_Data to examine_
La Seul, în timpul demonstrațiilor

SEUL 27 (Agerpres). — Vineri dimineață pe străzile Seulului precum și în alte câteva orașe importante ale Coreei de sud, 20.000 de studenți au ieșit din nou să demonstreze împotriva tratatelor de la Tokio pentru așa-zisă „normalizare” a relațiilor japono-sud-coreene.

--

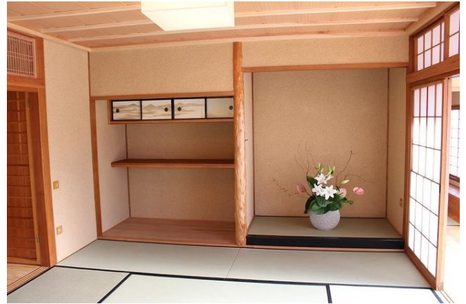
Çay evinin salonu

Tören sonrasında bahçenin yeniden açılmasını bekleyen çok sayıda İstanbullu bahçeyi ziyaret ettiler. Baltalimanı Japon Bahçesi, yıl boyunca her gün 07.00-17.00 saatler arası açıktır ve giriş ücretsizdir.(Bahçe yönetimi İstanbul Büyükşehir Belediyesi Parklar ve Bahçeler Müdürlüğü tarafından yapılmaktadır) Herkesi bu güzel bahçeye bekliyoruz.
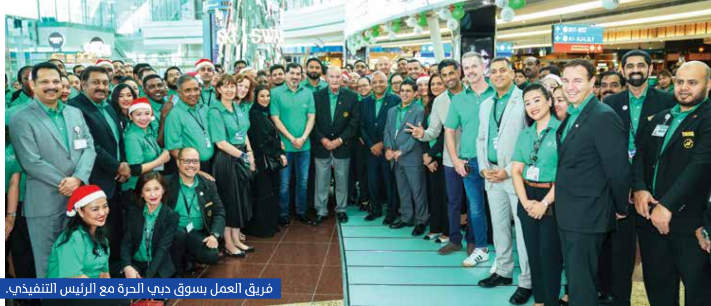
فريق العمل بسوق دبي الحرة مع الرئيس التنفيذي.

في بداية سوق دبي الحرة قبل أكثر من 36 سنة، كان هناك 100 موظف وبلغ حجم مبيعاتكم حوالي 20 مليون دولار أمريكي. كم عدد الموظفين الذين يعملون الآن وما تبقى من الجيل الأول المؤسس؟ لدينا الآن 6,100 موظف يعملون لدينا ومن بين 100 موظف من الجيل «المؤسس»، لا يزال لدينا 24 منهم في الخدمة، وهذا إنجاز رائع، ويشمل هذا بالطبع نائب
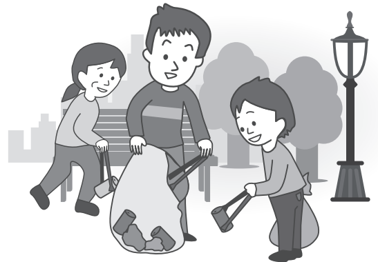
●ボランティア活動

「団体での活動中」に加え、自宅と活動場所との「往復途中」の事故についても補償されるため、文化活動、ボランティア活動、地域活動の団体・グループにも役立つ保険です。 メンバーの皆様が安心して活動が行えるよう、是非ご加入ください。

_What you have to do_
Lines holding "الحرة": copy each one from the records above.

_Solution to this exercise_
فريق العمل بسوق دبي الحرة مع الرئيس التنفيذي.
في بداية سوق دبي الحرة قبل أكثر من 36 سنة، كان هناك 100 موظف وبلغ حجم مبيعاتكم حوالي 20 مليون دولار أمريكي. كم عدد الموظفين الذين يعملون الآن وما تبقى من الجيل الأول المؤسس؟ لدينا الآن 6,100 موظف يعملون لدينا ومن بين 100 موظف من الجيل «المؤسس»، لا يزال لدينا 24 منهم في الخدمة، وهذا إنجاز رائع، ويشمل هذا بالطبع نائب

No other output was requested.